## Problem description
Please, without any pictures, set down exactly the part of the listing below that opens with the line containing "最後來看一下屏幕測試,Y70" and closes with the line containing "X-ZONE PET Double".

## Excerpted data
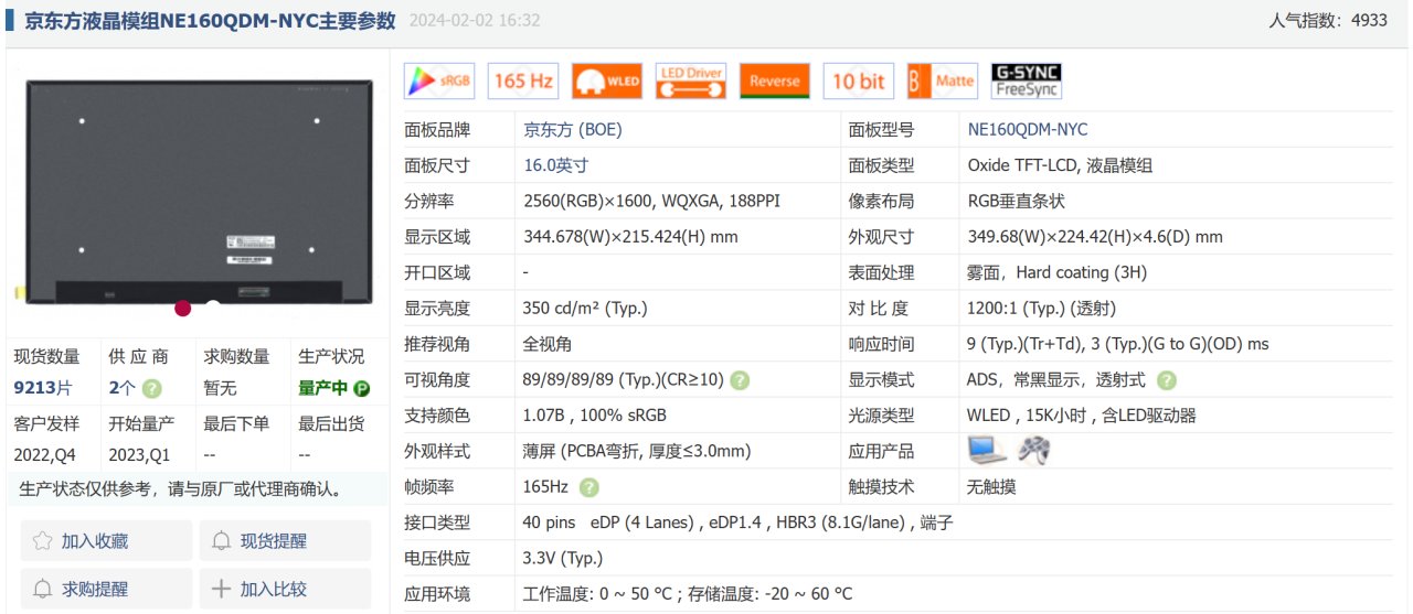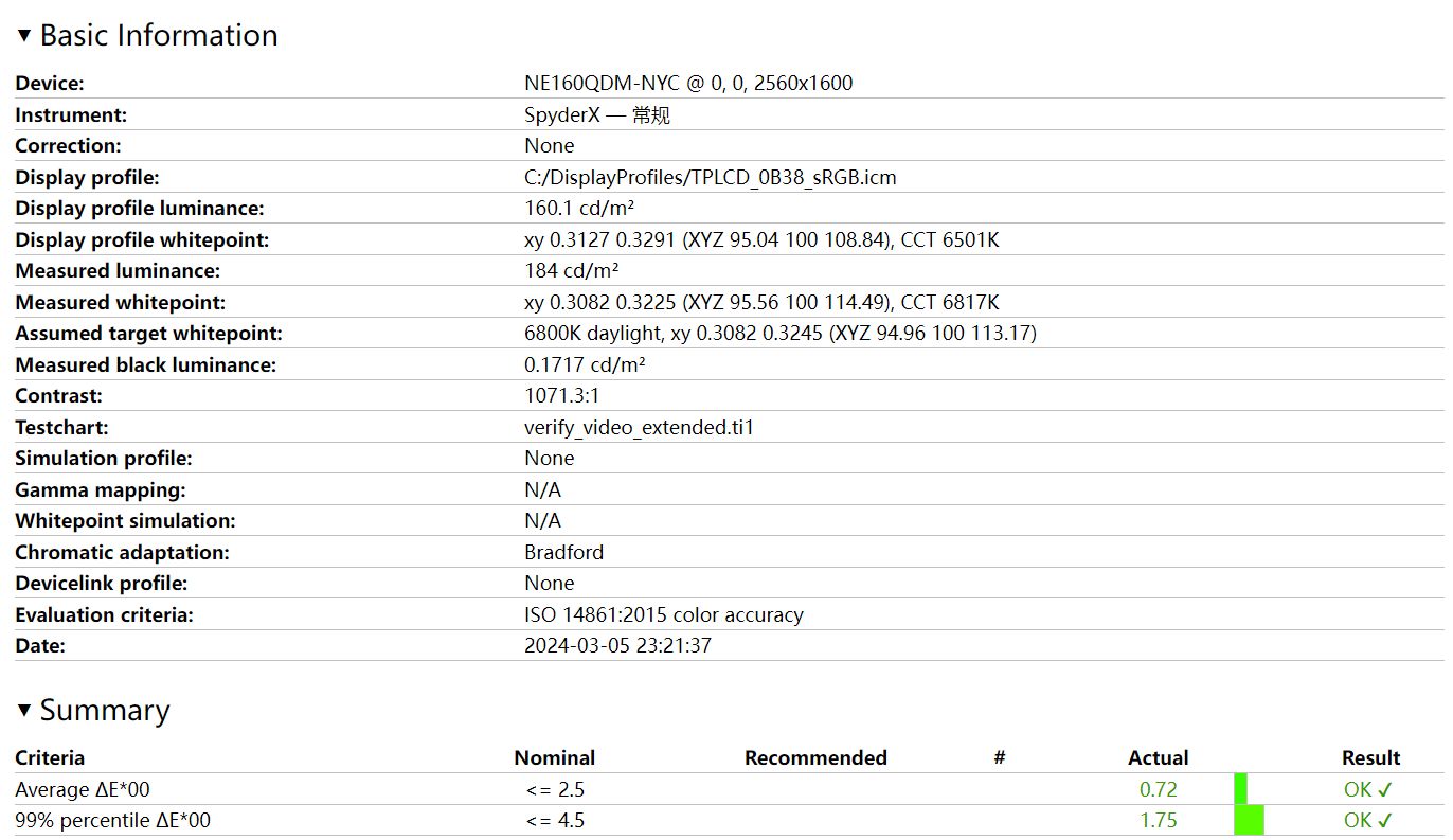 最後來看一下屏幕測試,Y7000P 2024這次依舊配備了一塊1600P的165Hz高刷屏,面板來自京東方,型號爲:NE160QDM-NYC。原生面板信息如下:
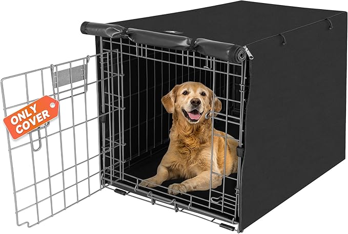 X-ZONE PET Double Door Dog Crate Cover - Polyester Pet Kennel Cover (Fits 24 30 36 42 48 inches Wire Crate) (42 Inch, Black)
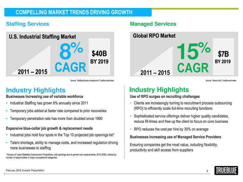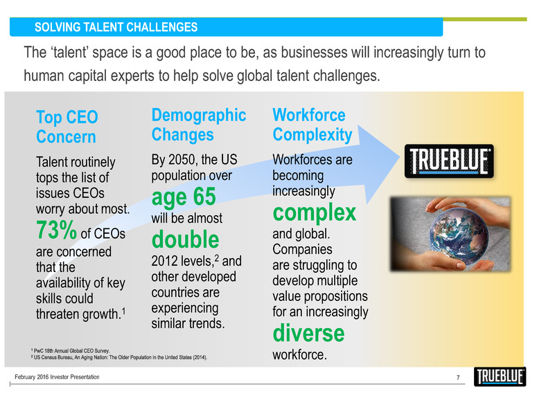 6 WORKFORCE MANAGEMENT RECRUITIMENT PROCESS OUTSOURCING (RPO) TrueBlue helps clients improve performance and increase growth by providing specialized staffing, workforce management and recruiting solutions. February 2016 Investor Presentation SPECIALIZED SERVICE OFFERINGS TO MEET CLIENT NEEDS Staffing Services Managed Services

--

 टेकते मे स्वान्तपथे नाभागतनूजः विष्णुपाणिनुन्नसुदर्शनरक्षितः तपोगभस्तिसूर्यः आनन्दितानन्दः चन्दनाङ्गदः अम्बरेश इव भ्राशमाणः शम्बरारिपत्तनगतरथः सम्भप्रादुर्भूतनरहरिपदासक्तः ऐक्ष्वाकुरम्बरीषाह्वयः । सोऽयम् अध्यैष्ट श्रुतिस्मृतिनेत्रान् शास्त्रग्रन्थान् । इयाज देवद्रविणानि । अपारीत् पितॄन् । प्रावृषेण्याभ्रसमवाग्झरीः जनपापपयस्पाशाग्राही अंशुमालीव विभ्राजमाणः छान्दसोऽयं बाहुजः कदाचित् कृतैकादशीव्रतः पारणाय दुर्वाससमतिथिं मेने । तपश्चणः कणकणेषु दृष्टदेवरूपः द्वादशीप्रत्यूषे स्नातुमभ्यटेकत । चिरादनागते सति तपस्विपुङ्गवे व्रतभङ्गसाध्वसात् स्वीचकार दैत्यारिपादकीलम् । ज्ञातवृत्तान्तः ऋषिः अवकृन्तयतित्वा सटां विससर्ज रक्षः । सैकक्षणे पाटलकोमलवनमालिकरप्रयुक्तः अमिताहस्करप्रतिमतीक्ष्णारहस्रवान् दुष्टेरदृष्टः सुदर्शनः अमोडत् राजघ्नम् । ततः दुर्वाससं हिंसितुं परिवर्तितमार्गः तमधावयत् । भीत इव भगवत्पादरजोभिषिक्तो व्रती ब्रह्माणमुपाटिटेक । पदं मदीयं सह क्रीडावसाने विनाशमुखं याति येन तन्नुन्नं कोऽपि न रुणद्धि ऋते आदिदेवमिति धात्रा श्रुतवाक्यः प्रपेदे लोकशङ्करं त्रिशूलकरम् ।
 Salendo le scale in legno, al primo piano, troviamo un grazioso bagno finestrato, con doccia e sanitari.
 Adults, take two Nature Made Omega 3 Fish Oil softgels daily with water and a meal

--

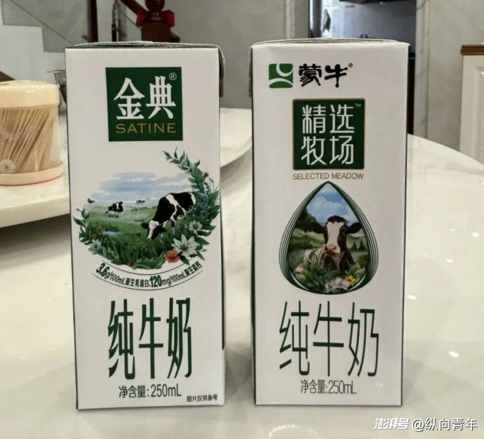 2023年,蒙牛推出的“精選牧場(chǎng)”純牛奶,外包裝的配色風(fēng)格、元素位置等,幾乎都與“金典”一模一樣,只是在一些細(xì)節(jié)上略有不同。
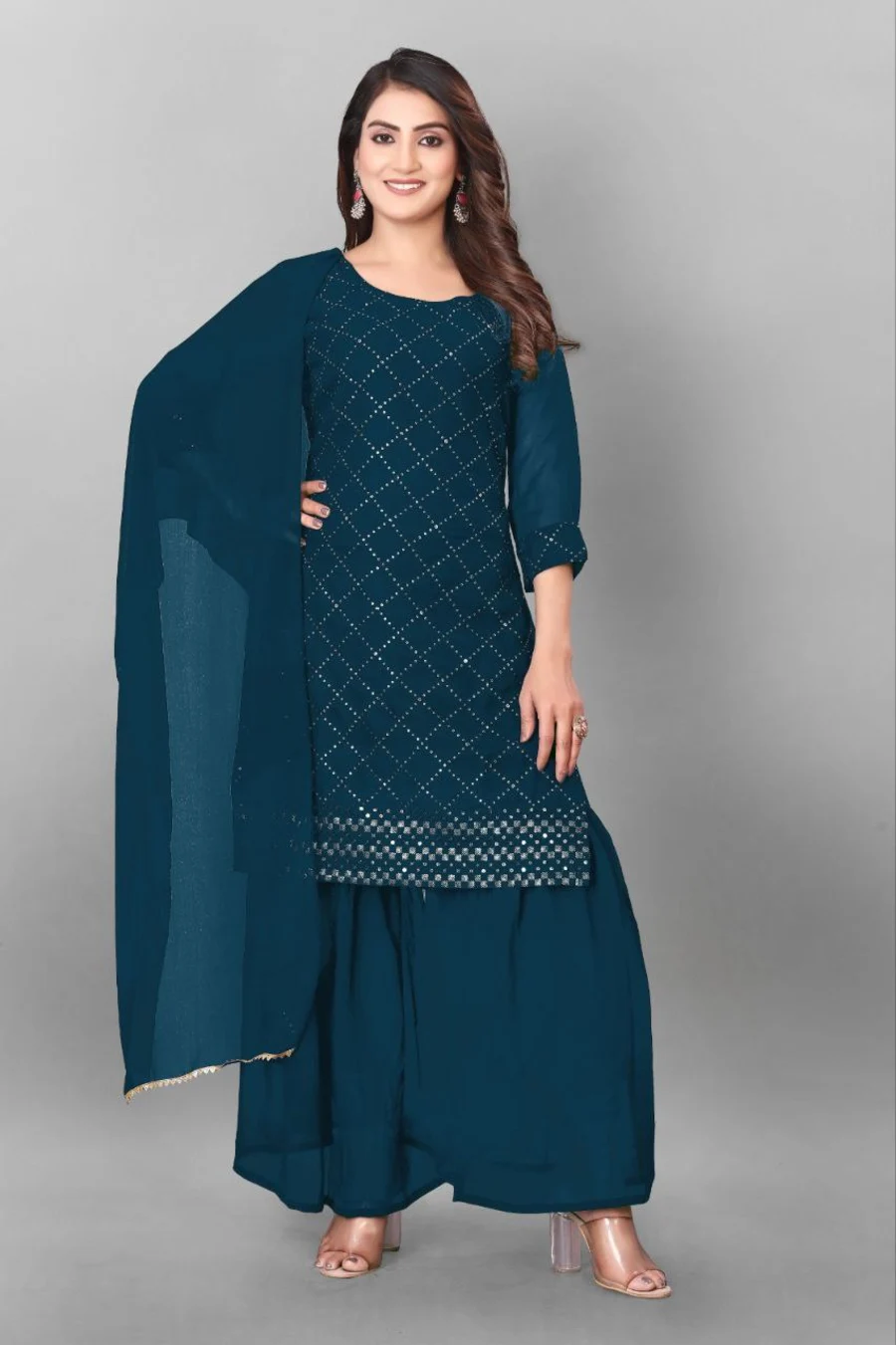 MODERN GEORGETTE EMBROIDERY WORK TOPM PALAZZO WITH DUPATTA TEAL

## Task output
 最後來看一下屏幕測試,Y7000P 2024這次依舊配備了一塊1600P的165Hz高刷屏,面板來自京東方,型號爲:NE160QDM-NYC。原生面板信息如下:
 X-ZONE PET Double Door Dog Crate Cover - Polyester Pet Kennel Cover (Fits 24 30 36 42 48 inches Wire Crate) (42 Inch, Black)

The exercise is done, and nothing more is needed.